Epitaxial growth is primarily a chemical process. The main gas sources used for silicon epitaxial growth are hydrogen and chlorosilanes, such as silicon tetrachloride (SiCl4), trichlorosilicon (SiHCl3), dichlorosilane (SiH2Cl2). In addition, in order to reduce the growth temperature, silane is often used as a source of air. The choice of which air source mainly depends on the growth conditions and epitaxial layer specifications, in which the growth temperature is an important factor to be considered when selecting air source. There is an important relationship between the growth rate of silicon epitaxial layer and the growth temperature. The graph shows two distinct growth regions. There is an index relationship between the growth rate and temperature of the silicon epitaxial layer. There is an index relationship between the low temperature zone (zone A) and the silicon epitaxial layer, indicating that they are controlled by surface reaction. In the high temperature zone (zone B), there is little direct relationship between their growth rate and temperature, indicating that they are subject to mass control or diffusion. It should be emphasized that the silicon film growing at low temperature is a polycrystalline layer. The formation temperature of the silicon epitaxial layer is higher than the turning point of each curve, and the temperature of the turning point changes with the change of the molar ratio of the reactant, the flow speed and the type. It can be inferred from this figure that the formation temperature of the silicon epitaxial layer is about 1100 ° C, and when SiH4 is used as the gas source, the formation temperature of the silicon epitaxial layer is about 900 ° C.

It is recommended to note that the reduction and corrosion processes are in competition with each other, which mainly depends on the molar ratio of the reacting object and the growth temperature. At atmospheric pressure, the boundary between corrosion and deposition is related to the growth temperature and the relationship between SiCl4 and H2, as well as SiCl4 and H2 as reaction objects at a total pressure intensity of 1.01×L05Pa (1 atmospheric pressure). In addition, the study provides a relationship between growth rate and temperature, as shown in Figure 2.2-31, when the reaction object is silicon epitaxial with SiCl4 and H2. As can be seen from the figure, what takes place at low and high temperatures is a corrosion process. Therefore, in this case, the epitaxial temperature is usually chosen at 1100~1300 ° C. In order to obtain a thicker extended layer, SiHCl3 is usually selected as the gas source, mainly because its deposition rate is faster than SiCl4.

The chemical reaction involved in SiH4 as an epitaxial gas source is not the same, and the thermal decomposition reaction is irreversible when using SiH4 gas source, and the point is to obtain the silicone epitaxial layer at a relatively low temperature.

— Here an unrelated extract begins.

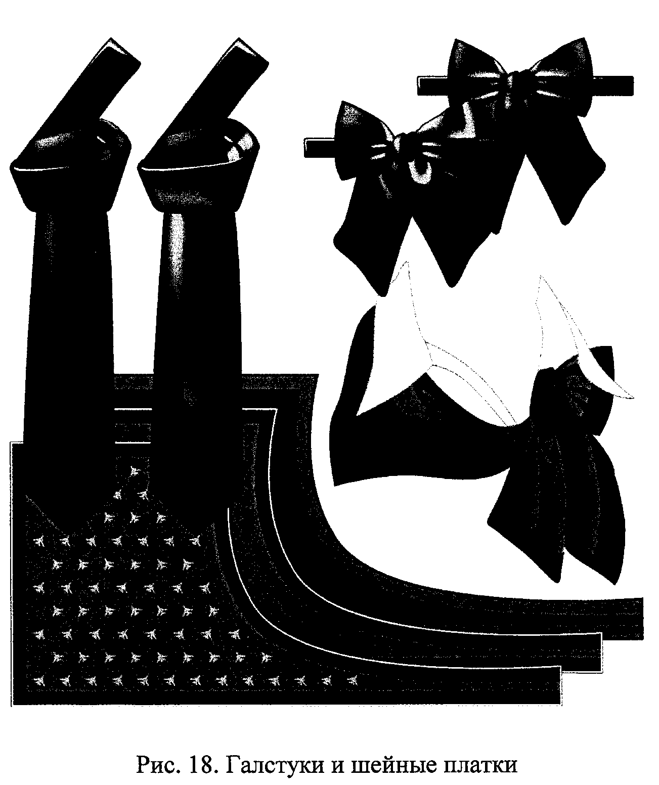 2.21. Дополнительные предметы форменной одежды: синий или черный гладкий галстук (галстук-бант), шейный платок с преобладанием синего и голубого цветов в рисунке (для женщин) (рис. 18), черные перчатки и белое кашне (шелковое или шерстяное).

However, due to the homogeneous reaction of silanes, it is difficult to avoid the gas phase nuclei of silanes. As a result, silicon particles form during growth, resulting in rough surface shapes and even polycrystalline growth. Controlling the growing temperature or growing under low pressure can solve this problem. Silane is an easily oxidized and explosive gas, so it is not often used in traditional silane epitaxy. In addition, HCl is not present in the growth process with silane as the gas source, so there is no corrosion process, resulting in a high concentration of metal impurities in the epitaxial layer. Therefore, when using silane as a gas source, a careful pre-cleaning process is required.